**TASK DESCRIPTION**
Range to repeat from the listing below: the line containing "Les murs témoignent" down to the line containing "Este último evento", both included. Copy it exactly, pictures excluded, and add nothing else.

+++ GIVEN RECORDS

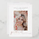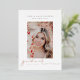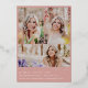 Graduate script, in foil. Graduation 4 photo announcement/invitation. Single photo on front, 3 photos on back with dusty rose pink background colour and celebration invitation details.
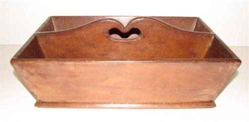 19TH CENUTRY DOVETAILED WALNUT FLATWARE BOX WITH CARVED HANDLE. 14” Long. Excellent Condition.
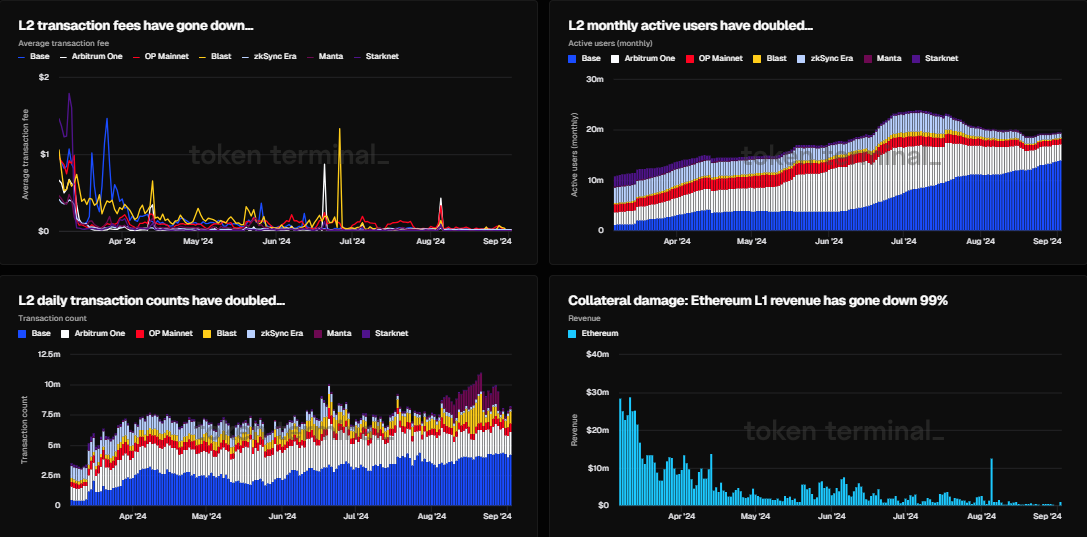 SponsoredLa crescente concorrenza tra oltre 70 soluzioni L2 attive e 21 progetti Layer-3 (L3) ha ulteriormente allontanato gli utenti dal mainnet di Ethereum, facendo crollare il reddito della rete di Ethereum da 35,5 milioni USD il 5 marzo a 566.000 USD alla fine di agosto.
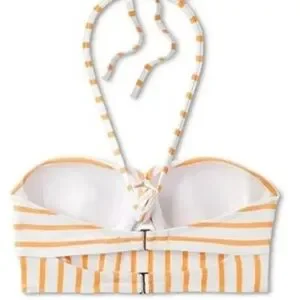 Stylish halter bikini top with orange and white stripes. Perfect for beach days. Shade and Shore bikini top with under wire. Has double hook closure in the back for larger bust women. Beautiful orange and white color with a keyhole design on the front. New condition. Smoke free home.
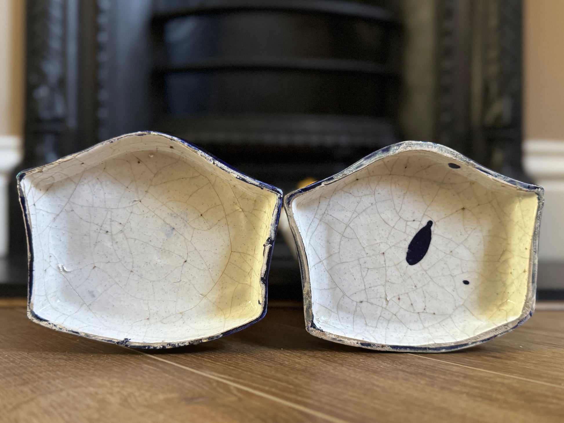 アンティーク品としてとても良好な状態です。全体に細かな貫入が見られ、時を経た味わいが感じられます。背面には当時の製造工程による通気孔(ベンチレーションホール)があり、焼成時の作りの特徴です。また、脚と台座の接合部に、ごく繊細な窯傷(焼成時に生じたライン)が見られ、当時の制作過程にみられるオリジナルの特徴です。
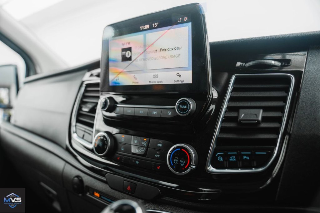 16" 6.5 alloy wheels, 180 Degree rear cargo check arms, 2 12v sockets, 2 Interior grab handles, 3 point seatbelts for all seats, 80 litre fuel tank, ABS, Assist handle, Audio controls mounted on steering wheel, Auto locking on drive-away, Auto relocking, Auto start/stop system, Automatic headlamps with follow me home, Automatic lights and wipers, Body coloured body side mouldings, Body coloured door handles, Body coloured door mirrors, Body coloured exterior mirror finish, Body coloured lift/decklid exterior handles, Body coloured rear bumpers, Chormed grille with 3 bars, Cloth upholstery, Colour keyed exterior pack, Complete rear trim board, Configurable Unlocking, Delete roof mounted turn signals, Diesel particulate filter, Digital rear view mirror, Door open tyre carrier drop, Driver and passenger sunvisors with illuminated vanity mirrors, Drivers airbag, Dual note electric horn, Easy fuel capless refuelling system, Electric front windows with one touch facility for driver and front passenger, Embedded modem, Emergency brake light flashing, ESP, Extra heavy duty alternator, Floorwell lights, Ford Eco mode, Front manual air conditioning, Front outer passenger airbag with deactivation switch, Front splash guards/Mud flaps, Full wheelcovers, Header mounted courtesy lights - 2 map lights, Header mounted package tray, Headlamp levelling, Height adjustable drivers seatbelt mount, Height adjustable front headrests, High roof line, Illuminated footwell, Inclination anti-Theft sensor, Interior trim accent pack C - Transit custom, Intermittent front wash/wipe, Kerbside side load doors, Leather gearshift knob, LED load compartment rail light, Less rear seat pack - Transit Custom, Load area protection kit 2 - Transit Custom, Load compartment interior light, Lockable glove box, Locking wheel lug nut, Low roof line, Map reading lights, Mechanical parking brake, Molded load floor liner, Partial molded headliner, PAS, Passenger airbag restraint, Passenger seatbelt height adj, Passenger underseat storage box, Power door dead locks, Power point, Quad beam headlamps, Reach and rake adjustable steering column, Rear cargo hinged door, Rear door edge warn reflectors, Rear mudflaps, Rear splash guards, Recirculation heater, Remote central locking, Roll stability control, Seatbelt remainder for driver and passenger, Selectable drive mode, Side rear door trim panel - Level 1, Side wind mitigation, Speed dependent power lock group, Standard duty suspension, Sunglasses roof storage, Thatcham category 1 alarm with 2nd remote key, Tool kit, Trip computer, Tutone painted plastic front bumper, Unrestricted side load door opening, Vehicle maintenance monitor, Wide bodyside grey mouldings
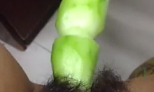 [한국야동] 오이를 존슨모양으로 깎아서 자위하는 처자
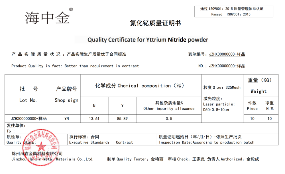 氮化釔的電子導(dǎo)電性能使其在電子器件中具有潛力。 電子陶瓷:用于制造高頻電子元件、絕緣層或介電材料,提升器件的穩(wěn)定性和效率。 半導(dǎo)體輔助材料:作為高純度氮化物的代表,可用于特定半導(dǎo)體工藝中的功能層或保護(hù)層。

++++++
+++ GIVEN RECORDS

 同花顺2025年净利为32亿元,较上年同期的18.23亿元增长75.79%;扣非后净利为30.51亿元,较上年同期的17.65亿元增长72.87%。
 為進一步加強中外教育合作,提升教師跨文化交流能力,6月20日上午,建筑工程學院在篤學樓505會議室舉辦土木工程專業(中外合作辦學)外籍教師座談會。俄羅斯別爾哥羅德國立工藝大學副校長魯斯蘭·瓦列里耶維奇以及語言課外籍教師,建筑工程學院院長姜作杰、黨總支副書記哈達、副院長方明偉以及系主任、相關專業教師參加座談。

++++++
+++ GIVEN RECORDS

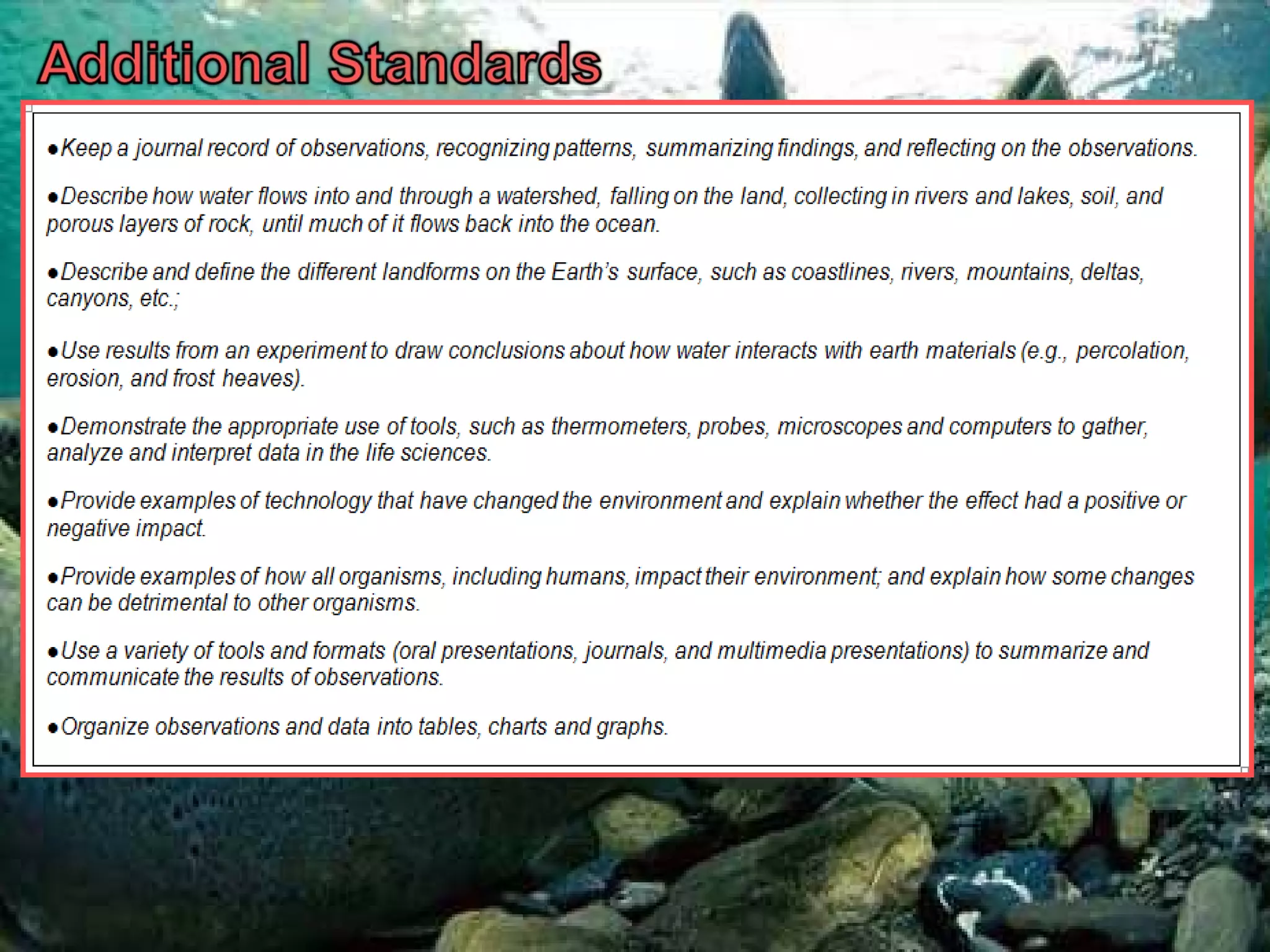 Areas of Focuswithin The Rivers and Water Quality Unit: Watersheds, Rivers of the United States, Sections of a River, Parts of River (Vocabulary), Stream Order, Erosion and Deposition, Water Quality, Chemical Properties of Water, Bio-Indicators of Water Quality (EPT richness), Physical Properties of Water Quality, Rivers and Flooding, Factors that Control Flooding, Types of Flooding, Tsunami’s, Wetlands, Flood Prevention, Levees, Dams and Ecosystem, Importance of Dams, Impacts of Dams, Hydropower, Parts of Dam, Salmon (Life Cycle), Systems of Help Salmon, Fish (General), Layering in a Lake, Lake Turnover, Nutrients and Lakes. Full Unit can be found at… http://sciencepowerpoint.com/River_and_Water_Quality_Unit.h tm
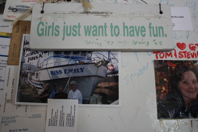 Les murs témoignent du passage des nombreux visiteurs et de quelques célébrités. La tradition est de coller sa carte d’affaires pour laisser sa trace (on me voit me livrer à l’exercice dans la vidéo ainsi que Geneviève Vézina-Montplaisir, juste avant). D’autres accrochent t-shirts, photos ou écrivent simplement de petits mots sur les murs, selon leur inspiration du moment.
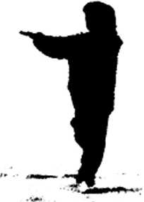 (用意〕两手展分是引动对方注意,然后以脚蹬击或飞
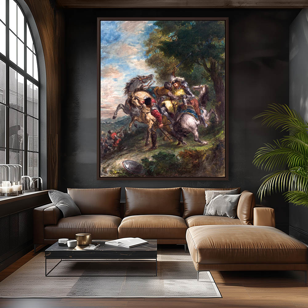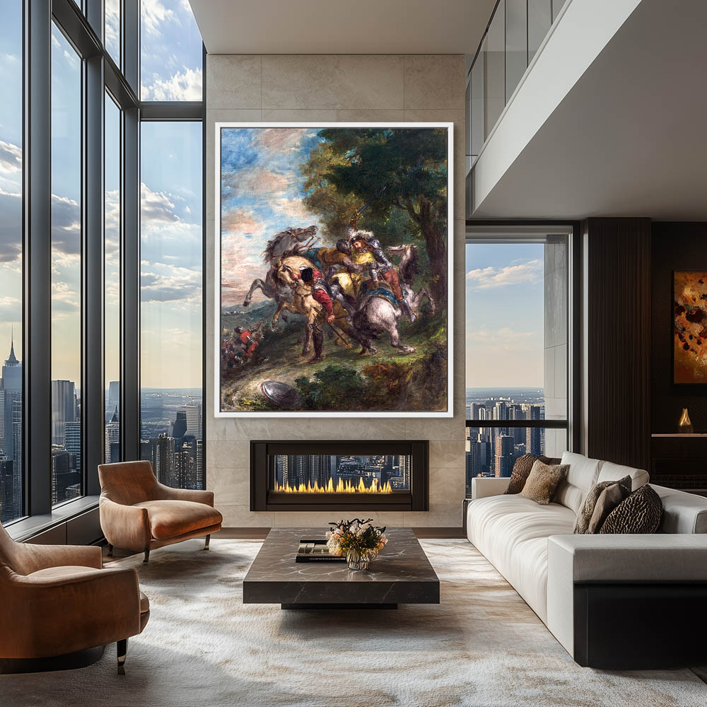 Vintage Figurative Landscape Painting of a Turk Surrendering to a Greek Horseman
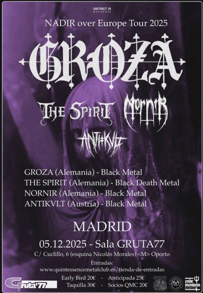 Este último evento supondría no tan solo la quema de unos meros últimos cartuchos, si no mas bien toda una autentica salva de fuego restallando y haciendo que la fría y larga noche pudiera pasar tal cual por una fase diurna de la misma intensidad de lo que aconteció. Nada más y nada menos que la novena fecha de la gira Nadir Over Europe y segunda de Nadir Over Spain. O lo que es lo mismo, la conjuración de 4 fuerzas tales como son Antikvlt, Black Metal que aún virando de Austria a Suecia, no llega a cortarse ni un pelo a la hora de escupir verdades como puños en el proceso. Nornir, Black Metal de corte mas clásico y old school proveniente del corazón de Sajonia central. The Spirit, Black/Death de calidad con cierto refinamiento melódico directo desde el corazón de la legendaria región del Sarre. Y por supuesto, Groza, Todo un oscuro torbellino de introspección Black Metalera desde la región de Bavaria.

++++++

**TASK RESULT**
 Les murs témoignent du passage des nombreux visiteurs et de quelques célébrités. La tradition est de coller sa carte d’affaires pour laisser sa trace (on me voit me livrer à l’exercice dans la vidéo ainsi que Geneviève Vézina-Montplaisir, juste avant). D’autres accrochent t-shirts, photos ou écrivent simplement de petits mots sur les murs, selon leur inspiration du moment.
 (用意〕两手展分是引动对方注意,然后以脚蹬击或飞
 Vintage Figurative Landscape Painting of a Turk Surrendering to a Greek Horseman
 Este último evento supondría no tan solo la quema de unos meros últimos cartuchos, si no mas bien toda una autentica salva de fuego restallando y haciendo que la fría y larga noche pudiera pasar tal cual por una fase diurna de la misma intensidad de lo que aconteció. Nada más y nada menos que la novena fecha de la gira Nadir Over Europe y segunda de Nadir Over Spain. O lo que es lo mismo, la conjuración de 4 fuerzas tales como son Antikvlt, Black Metal que aún virando de Austria a Suecia, no llega a cortarse ni un pelo a la hora de escupir verdades como puños en el proceso. Nornir, Black Metal de corte mas clásico y old school proveniente del corazón de Sajonia central. The Spirit, Black/Death de calidad con cierto refinamiento melódico directo desde el corazón de la legendaria región del Sarre. Y por supuesto, Groza, Todo un oscuro torbellino de introspección Black Metalera desde la región de Bavaria.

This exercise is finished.